Awesome photos. Can I ask what type of camera you have. I'm looking to upgrade and want an SLR, not sure which brand though


----------



## Lars K (May 23, 2009)

Thanks for the nice comments! 



coz727 said:


> Can I ask what type of camera you have.



I used a Nikon D90 with the normal Kit-lens 18-105 mm.

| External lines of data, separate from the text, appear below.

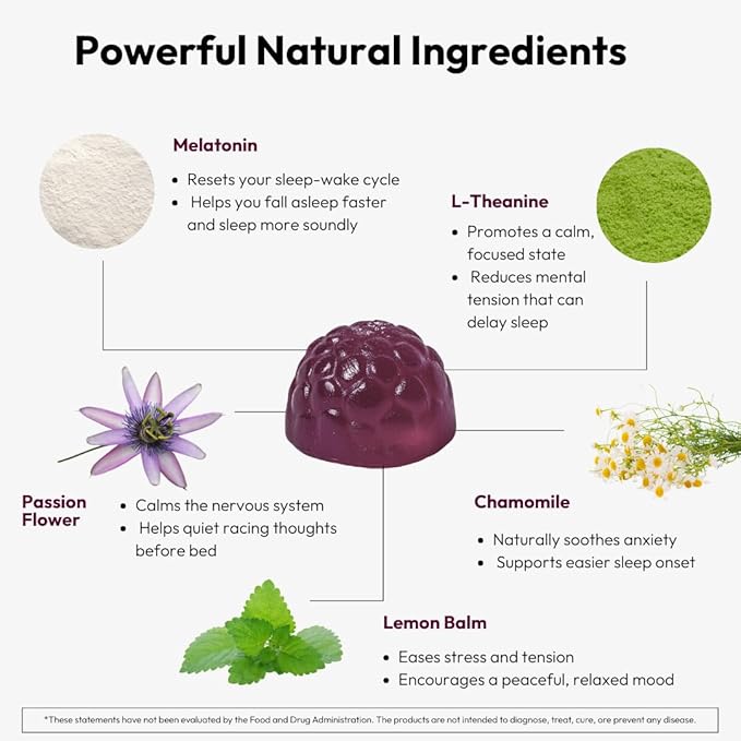- Clean, Plant-Based Ingredients: Crafted with natural, non-habit-forming ingredients—no artificial fillers. Vegan, non-GMO, and free from common allergens, so you can sleep better with peace of mind.
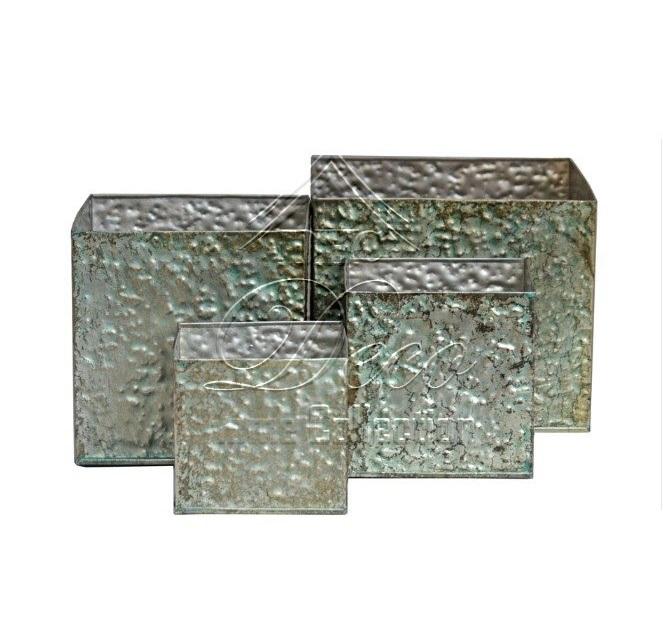 Jardinière carrée rustique en métal galvanisé, pot de fleurs en fer martelé, bac décoratif industriel pour jardin, pot d'intérieur et d'extérieur
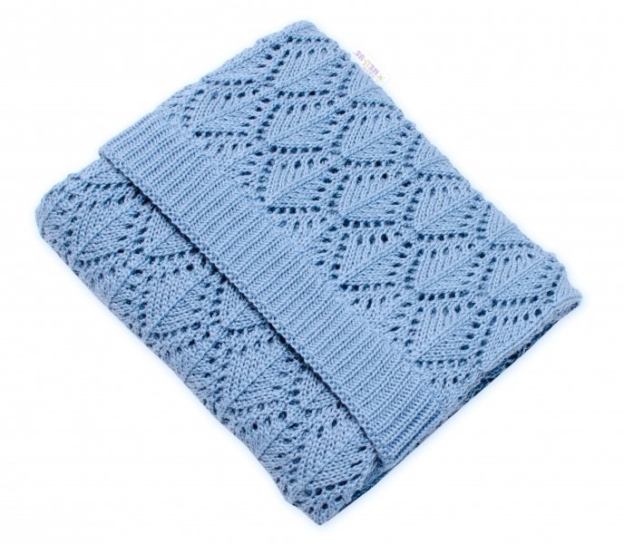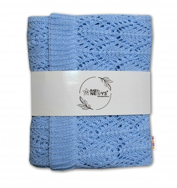 Luxusní bavlněná háčkovaná deka, dečka. ažurková LOVE, 75x95cm - modrá

As there was no flash allowed I took most of the pics at 3200 ISO without noise reduction.
Some shots are even taken at 6400 ISO and the D90 did a good job with relative noise free pics.
I can truly recommend it. 

Here's a great website.
Take a look at the camera reviews by Gordon Laing from New Zealand and check out
the video tour on the different camera models.
http://www.cameralabs.com/reviews/digital_camera_and_lens_reviews.shtml

The modern DSLR-cameras are all excellent cameras and you can take great pictures with all of them. 
It's more important that you get good lenses and if you want a great performing lens
I can recommend the "Sigma 70mm F2,8 EX DG MAKRO" lens.

If you often shoot in "available-light" and at High ISO, the Nikon D700 and the 
Canon EOS 5D Mark II are both excellent performers. But unfortunately they aren't the cheapest cameras.


----------